**EXERCISE:** From the records below, copy out exactly the lines from the one containing "HALINET Eskitilmiş Siyah" to the one containing "Eagle Manufacturing 8", both included. Add nothing else.

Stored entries

+ + + + +

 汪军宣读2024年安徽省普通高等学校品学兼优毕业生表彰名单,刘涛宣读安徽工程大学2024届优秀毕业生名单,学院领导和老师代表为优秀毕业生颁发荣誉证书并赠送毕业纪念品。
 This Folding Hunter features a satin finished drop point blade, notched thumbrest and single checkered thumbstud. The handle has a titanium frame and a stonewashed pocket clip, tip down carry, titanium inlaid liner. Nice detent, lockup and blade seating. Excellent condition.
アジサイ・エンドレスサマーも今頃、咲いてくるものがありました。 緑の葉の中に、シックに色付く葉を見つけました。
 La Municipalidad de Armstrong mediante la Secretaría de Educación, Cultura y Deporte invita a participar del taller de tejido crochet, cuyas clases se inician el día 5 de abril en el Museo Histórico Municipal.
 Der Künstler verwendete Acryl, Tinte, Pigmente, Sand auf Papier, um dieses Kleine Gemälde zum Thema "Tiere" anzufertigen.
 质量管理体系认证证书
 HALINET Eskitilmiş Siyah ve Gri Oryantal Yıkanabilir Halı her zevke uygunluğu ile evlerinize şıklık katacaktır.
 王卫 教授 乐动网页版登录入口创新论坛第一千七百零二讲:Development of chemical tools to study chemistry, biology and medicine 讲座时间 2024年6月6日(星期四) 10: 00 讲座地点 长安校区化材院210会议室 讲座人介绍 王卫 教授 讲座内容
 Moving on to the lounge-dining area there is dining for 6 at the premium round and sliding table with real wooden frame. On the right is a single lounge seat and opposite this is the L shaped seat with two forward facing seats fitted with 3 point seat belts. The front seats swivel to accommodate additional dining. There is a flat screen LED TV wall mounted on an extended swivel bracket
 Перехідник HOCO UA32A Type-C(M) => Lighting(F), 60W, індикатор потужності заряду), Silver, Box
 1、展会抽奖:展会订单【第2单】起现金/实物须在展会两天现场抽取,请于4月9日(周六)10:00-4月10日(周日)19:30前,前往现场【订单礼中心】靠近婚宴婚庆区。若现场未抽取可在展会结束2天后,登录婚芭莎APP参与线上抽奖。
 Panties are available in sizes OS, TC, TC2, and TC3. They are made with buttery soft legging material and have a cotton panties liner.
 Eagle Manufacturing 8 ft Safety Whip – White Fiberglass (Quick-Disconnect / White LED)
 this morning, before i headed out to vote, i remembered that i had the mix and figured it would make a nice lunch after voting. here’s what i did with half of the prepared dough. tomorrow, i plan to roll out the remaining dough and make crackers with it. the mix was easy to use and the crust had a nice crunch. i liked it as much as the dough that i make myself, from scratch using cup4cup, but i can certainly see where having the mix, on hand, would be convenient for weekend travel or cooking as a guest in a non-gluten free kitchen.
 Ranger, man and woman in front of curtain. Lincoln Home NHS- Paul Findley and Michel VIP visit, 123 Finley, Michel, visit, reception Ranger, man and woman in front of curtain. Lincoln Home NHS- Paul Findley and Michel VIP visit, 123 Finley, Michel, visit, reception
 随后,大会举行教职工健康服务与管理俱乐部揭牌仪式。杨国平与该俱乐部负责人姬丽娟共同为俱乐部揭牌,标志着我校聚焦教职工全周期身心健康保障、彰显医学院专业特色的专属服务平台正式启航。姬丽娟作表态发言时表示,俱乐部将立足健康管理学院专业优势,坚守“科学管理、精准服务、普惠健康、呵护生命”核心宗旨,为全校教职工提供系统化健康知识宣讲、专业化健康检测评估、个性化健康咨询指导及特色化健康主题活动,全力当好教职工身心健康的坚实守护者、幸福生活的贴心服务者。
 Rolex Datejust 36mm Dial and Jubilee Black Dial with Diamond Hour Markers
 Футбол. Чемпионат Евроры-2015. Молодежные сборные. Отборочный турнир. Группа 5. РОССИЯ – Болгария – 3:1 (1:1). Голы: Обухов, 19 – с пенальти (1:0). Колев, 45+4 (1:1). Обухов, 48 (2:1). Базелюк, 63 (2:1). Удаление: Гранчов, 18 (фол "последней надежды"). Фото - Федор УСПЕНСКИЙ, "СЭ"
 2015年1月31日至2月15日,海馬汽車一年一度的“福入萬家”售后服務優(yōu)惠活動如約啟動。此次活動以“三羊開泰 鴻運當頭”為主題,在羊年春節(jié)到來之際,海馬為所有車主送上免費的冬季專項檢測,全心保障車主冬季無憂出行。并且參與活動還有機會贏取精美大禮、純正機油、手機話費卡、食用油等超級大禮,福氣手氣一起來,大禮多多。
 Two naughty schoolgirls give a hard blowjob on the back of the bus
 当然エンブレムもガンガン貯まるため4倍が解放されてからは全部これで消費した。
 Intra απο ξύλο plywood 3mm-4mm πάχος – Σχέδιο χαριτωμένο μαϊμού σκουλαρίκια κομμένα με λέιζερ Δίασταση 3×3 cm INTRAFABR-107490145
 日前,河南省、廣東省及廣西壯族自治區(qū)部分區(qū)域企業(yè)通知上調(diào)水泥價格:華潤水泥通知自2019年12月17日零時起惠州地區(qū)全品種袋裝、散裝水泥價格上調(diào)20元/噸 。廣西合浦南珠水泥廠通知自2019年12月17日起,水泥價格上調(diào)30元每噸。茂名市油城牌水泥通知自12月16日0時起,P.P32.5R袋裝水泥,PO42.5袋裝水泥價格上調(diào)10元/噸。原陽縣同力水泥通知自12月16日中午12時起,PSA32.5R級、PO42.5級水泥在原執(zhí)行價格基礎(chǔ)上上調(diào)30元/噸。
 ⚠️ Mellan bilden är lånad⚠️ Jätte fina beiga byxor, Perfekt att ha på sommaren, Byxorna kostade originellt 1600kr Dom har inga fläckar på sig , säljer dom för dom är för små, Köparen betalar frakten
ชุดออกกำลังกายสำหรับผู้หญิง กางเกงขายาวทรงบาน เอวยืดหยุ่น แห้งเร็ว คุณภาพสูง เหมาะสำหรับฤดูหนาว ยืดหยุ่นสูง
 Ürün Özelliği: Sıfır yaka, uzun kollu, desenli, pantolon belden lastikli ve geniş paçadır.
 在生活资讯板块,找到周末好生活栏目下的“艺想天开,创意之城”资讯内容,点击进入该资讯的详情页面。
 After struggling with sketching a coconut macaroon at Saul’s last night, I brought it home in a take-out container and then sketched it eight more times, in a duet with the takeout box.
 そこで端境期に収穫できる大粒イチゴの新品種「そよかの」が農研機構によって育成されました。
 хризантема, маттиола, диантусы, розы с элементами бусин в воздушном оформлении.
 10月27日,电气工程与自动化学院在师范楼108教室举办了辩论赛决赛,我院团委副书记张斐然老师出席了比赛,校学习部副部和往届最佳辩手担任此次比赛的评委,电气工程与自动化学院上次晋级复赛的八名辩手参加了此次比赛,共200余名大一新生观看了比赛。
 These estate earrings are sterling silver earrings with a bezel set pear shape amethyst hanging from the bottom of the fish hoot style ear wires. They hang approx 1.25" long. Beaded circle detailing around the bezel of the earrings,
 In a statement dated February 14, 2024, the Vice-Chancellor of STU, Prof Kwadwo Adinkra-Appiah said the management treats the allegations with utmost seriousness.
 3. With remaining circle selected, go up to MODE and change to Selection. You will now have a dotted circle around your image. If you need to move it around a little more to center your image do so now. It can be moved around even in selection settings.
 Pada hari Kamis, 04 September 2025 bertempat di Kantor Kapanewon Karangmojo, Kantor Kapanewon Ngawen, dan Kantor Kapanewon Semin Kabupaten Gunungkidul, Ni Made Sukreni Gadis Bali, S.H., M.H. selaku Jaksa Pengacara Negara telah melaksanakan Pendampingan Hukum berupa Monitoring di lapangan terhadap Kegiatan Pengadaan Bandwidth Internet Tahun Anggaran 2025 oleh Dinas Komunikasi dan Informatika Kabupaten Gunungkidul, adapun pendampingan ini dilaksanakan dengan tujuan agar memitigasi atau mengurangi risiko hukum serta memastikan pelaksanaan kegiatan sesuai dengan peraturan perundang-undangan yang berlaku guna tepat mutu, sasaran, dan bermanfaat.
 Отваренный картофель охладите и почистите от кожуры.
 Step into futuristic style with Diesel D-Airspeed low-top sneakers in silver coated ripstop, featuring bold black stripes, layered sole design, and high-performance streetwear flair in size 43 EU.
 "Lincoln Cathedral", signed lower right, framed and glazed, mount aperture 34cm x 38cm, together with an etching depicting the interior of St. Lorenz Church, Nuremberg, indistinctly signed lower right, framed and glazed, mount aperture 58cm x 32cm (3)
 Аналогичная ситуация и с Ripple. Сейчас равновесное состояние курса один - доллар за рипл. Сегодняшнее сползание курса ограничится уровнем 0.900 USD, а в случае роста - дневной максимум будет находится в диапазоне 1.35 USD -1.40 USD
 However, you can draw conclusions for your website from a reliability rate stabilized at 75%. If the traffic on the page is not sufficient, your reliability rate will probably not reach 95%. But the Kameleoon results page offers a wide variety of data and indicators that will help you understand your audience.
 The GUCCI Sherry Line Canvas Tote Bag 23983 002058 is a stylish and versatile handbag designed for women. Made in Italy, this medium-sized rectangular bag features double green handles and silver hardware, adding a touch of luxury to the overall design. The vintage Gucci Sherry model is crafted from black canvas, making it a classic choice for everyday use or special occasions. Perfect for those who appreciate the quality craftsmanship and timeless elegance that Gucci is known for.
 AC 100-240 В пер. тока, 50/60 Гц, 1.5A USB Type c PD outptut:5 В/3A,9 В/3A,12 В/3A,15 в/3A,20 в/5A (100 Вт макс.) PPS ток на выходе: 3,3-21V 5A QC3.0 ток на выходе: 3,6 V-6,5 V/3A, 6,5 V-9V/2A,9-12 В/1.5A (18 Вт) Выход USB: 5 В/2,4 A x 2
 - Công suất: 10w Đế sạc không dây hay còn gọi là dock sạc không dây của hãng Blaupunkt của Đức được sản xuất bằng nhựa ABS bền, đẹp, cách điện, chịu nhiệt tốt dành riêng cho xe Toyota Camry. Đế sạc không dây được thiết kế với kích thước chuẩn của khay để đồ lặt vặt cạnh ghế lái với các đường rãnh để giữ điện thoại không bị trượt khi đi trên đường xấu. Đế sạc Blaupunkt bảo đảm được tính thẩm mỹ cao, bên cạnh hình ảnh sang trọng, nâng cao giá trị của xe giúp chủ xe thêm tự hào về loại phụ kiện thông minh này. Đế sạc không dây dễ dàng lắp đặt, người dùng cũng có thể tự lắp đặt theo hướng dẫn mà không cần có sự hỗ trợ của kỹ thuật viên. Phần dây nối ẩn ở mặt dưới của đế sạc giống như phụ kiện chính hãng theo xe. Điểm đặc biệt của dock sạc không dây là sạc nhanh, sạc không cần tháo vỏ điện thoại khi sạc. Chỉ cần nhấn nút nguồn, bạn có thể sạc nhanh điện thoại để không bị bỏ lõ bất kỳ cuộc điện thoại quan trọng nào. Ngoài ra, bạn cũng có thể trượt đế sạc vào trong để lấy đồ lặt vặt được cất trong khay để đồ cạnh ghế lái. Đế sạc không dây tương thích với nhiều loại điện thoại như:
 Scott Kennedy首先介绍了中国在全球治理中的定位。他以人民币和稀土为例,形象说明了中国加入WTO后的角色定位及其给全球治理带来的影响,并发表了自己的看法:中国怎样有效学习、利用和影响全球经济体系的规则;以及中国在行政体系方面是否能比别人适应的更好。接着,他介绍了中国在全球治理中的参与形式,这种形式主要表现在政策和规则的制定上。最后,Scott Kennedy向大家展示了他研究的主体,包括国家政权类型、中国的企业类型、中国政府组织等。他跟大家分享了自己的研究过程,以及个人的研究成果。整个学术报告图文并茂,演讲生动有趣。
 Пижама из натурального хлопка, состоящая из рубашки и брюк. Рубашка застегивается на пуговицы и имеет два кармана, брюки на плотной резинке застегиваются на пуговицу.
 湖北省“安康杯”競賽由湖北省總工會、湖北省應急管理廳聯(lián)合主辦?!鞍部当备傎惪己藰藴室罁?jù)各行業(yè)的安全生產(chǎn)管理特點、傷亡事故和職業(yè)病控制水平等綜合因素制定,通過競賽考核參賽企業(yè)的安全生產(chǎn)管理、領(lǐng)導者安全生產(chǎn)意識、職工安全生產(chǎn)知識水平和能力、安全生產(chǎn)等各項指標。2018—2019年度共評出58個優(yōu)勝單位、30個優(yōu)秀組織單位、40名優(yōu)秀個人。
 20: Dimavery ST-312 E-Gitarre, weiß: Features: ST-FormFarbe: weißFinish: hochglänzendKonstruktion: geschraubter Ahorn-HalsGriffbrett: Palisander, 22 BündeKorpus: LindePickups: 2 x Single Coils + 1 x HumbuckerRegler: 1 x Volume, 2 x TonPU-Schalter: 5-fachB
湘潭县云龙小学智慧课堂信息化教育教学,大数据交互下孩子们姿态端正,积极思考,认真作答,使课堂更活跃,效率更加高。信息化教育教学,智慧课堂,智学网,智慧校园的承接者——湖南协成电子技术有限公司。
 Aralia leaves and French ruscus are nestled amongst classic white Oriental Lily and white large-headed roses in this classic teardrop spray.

+ + + + +

**OUTPUT FOR THIS EXERCISE:**
 HALINET Eskitilmiş Siyah ve Gri Oryantal Yıkanabilir Halı her zevke uygunluğu ile evlerinize şıklık katacaktır.
 王卫 教授 乐动网页版登录入口创新论坛第一千七百零二讲:Development of chemical tools to study chemistry, biology and medicine 讲座时间 2024年6月6日(星期四) 10: 00 讲座地点 长安校区化材院210会议室 讲座人介绍 王卫 教授 讲座内容
 Moving on to the lounge-dining area there is dining for 6 at the premium round and sliding table with real wooden frame. On the right is a single lounge seat and opposite this is the L shaped seat with two forward facing seats fitted with 3 point seat belts. The front seats swivel to accommodate additional dining. There is a flat screen LED TV wall mounted on an extended swivel bracket
 Перехідник HOCO UA32A Type-C(M) => Lighting(F), 60W, індикатор потужності заряду), Silver, Box
 1、展会抽奖:展会订单【第2单】起现金/实物须在展会两天现场抽取,请于4月9日(周六)10:00-4月10日(周日)19:30前,前往现场【订单礼中心】靠近婚宴婚庆区。若现场未抽取可在展会结束2天后,登录婚芭莎APP参与线上抽奖。
 Panties are available in sizes OS, TC, TC2, and TC3. They are made with buttery soft legging material and have a cotton panties liner.
 Eagle Manufacturing 8 ft Safety Whip – White Fiberglass (Quick-Disconnect / White LED)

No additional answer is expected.